In a highly choreographed event, Chinese President Xi Jinping was formally handed a second term Wednesday.
Xi led the new members of the elite Politburo Standing Committee in front of television cameras at Beijing's massive Great Hall of the People after their selection by 204 party officials in a closed-door vote.
Xi, 64, secured a second five-year term as general secretary of the Communist Party after his political theory was enshrined in its constitution. With no clear successor emerging Wednesday in a revamped ruling council, Xi cemented his grip on power and set the stage for him to dominate China for decades to come.
He was also reappointed head of the country's Central Military Commission.
Premier Li Keqiang, 62, retained his seat on the seven-member committee while five other men — all little known outside China — replaced comrades who had reached an informal retirement age of 68.
In a speech, as the other members stood expressionless in dark suits, Xi heralded a "new era" for the country under his rule and said the party "must get a new look and more importantly make new accomplishments."
But the new ruling council looked decidedly old, raising doubts that any could succeed Xi.
"Xi Jinping doesn't want to share power. He doesn't want someone breathing down his neck, preparing the succession," Jean-Pierre Cabestan, China specialist at Hong Kong Baptist University, told AFP.
"He wants to keep pressure on everybody and enjoy power for five or 10 years without having his hands tied."
All the committee's members are at least 60 years of age. Under the current rules, they would be too old to serve the customary two terms as the party's leader at the next congress in 2022.
Xi was elevated to the committee in 2007, when he was 54, and succeeded Hu Jintao as general secretary and president five years later.
The new committee members are Xi confidant Li Zhanshu, 67, vice premier Wang Yang, 62, leading Communist Party theoretician Wang Huning, 62, party organization department head Zhao Leji, 60, and Shanghai party chief Han Zheng, 63.

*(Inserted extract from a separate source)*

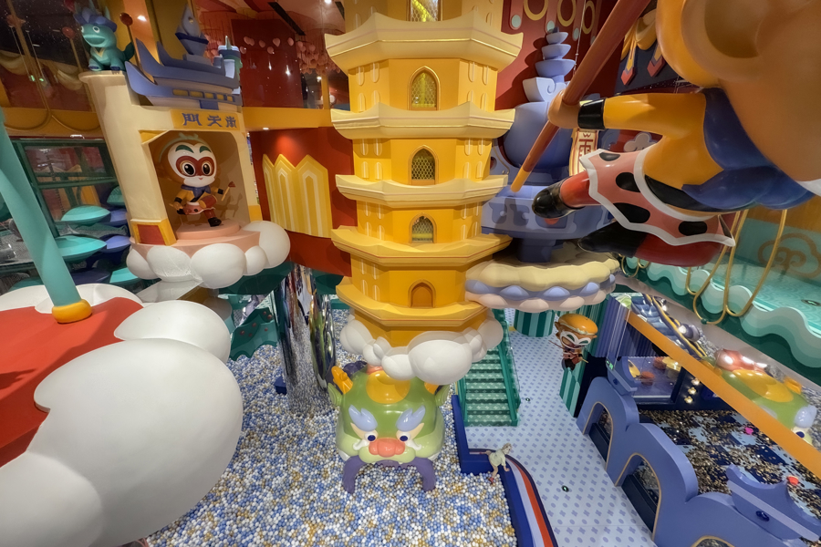 该乐园占地面积近3000平方米、游玩面积近6000平方米的空间内,将孙悟空、哪吒、黑猫警长、葫芦兄弟、阿凡提等中国经典动画的角色故事、美学风格融入十大主题区域、超四十个游玩场景中,通过经典动画IP的跨界融合和科技化、沉浸式的消费场景,持续探索文旅商体展融合的创新路径。

Zhao, a Xi ally, was also appointed as head of the anti-corruption agency, which has brought down 1.5 million officials including several of the president’s rivals since 2012.
Despite their promotion to the nation's highest leadership circle, they are likely to have much less influence than their predecessors under a newly empowered Xi.
His reappointment capped a twice-a-decade congress of the Communist Party that gave him a freer hand to accomplish his ambition of turning China into a global superpower with a world-class military by mid-century.
The constitutional amendment to include "Xi Thought," which the congress passed Tuesday, has put Xi in the rarefied company of the nation's founder Mao Zedong, and Deng Xiaoping, the architect of its economic reforms.
"He will use this boost to push forward his ambitious agenda," said Matthias Stepan of Germany's Mercator Institute for China Studies.
"It will guarantee him a place in the history books."
The accolade firmly establishes Xi as the country's locus of power, potentially upending the collective model of leadership promoted by Deng and embraced by Xi's two predecessors, Hu Jintao and Jiang Zemin, who both stepped down after two terms.
In the past two administrations, decisions were the result of horse-trading and consultation among members of the standing committee, the council of party elders which has led China since Deng's death in 1997.
But with his name in the constitution, Xi has become the nation's ultimate authority, likely giving him the last word on all major decisions.
The document's "all-round embracing of Xi's thought reflects the high degree of consensus the Party has built around its leadership core," the state-run China Daily wrote in an editorial Wednesday.
During his speech, Xi called for ever stricter management of the party, suggesting his grip on power will only increase.
Over the last five years, he has waged a ruthless campaign on official corruption, but party discipline is "a journey to which there is no end," he said, calling on members to "rid ourselves of any virus that erodes the party's fabric."
At least one important figure did not make the cut, as Xi's right-hand man Wang Qishan, 69, vacated his standing committee seat.
Analysts had thought the leader of the country's anti-corruption campaign might be kept on in defiance of the party's unofficial guideline that cadres retire at 68.
The BBC, The Economist, the Financial Times, The Guardian and the New York Times were denied invitations to cover the unveiling despite wide access granted to other news outlets, according to the Foreign Correspondents’ Club of China.
“It is hard to avoid the conclusion that these media organizations have been singled out to send a message,” it said in a statement, adding that using access as a tool to punish journalists violated principles of press freedom.